When you transcribe the listing, keep each line exact and drop the pictures.

*INPUT DATA*:
*** Block opens ***

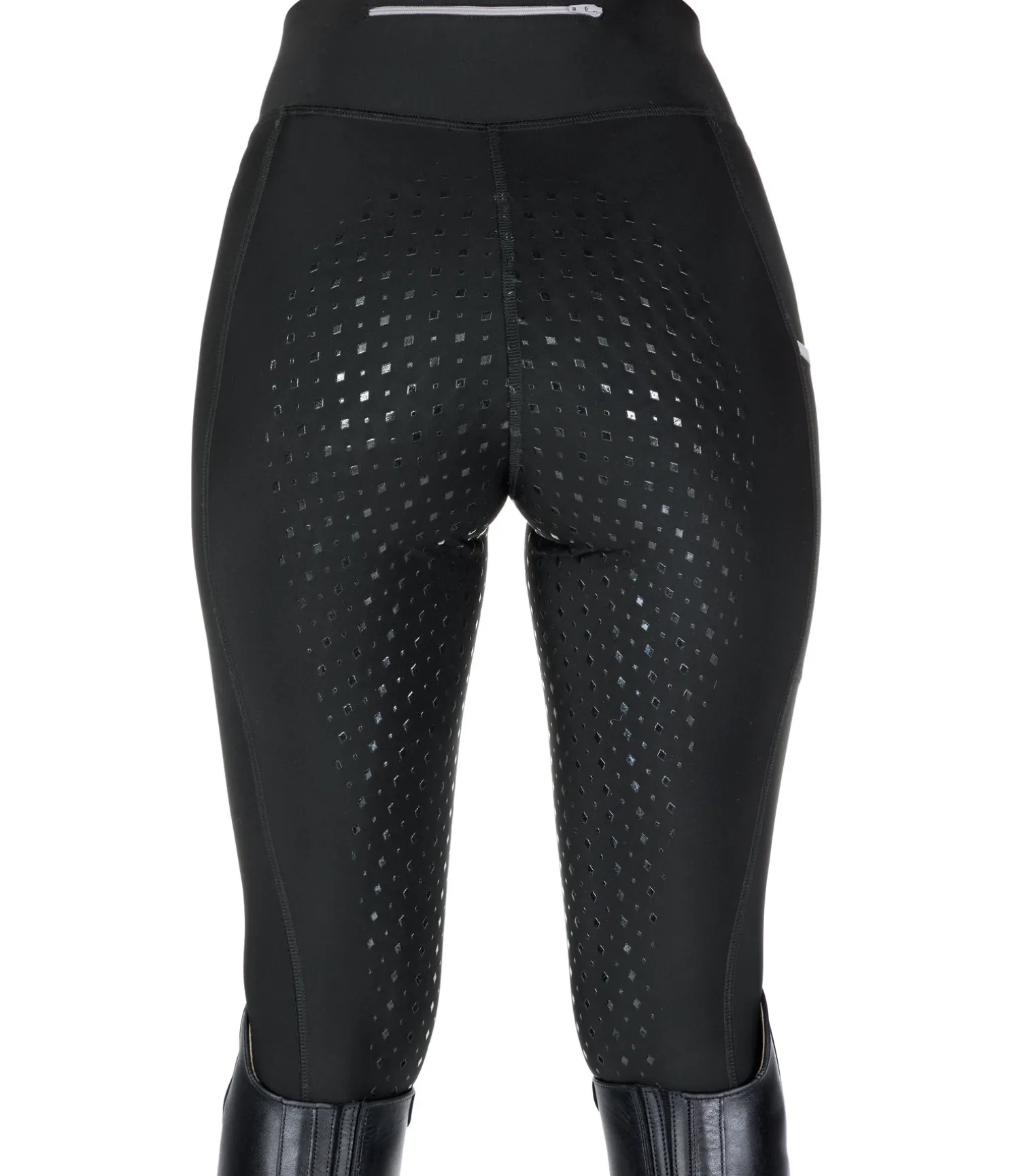 Legging d’équitation confortable. Fond intégral grip en silicone. Matière stretch extensible dans 4 directions. Ceinture extra large. Poche zippée arrière et poche latérale pour téléphone portable. Aucune couture au niveau des genoux. Bas de jambe extensible. Imprimé siliconé Felix Bühler. 90 % nylon, 10 % élasthanne.
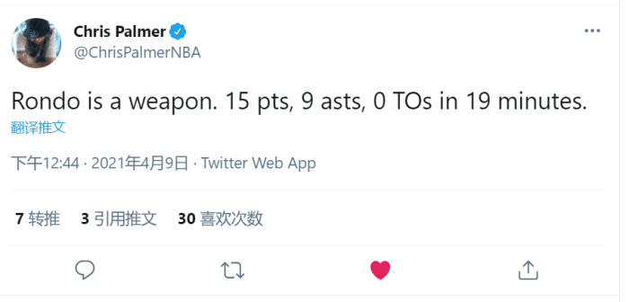 记者palmer:隆多是一件武器!只打了19分钟送出15分9助攻0失误!
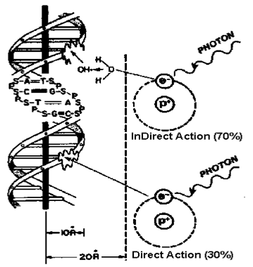 Direct: yielding energy to a biological macromolecule such as DNA, RNA, proteins, causing disruption of the molecules by breaking their bonds.
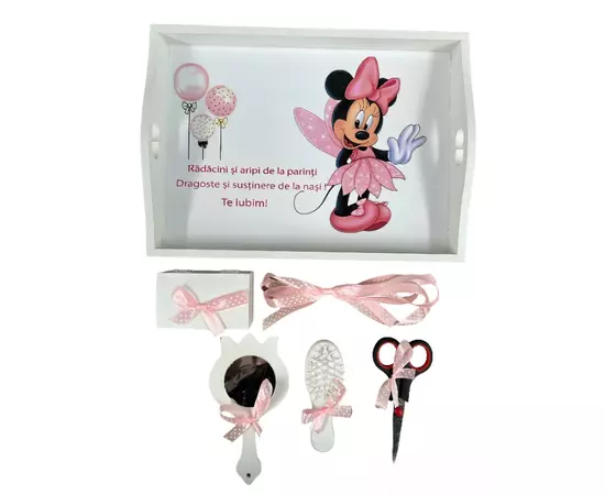 Tavita Turta cu 6 Piese - Minnie Mouse cu Baloane - TPT47 Alb

*** Block closes ***

*SOLUTION BELOW*:
 Legging d’équitation confortable. Fond intégral grip en silicone. Matière stretch extensible dans 4 directions. Ceinture extra large. Poche zippée arrière et poche latérale pour téléphone portable. Aucune couture au niveau des genoux. Bas de jambe extensible. Imprimé siliconé Felix Bühler. 90 % nylon, 10 % élasthanne.
 记者palmer:隆多是一件武器!只打了19分钟送出15分9助攻0失误!
 Direct: yielding energy to a biological macromolecule such as DNA, RNA, proteins, causing disruption of the molecules by breaking their bonds.
 Tavita Turta cu 6 Piese - Minnie Mouse cu Baloane - TPT47 Alb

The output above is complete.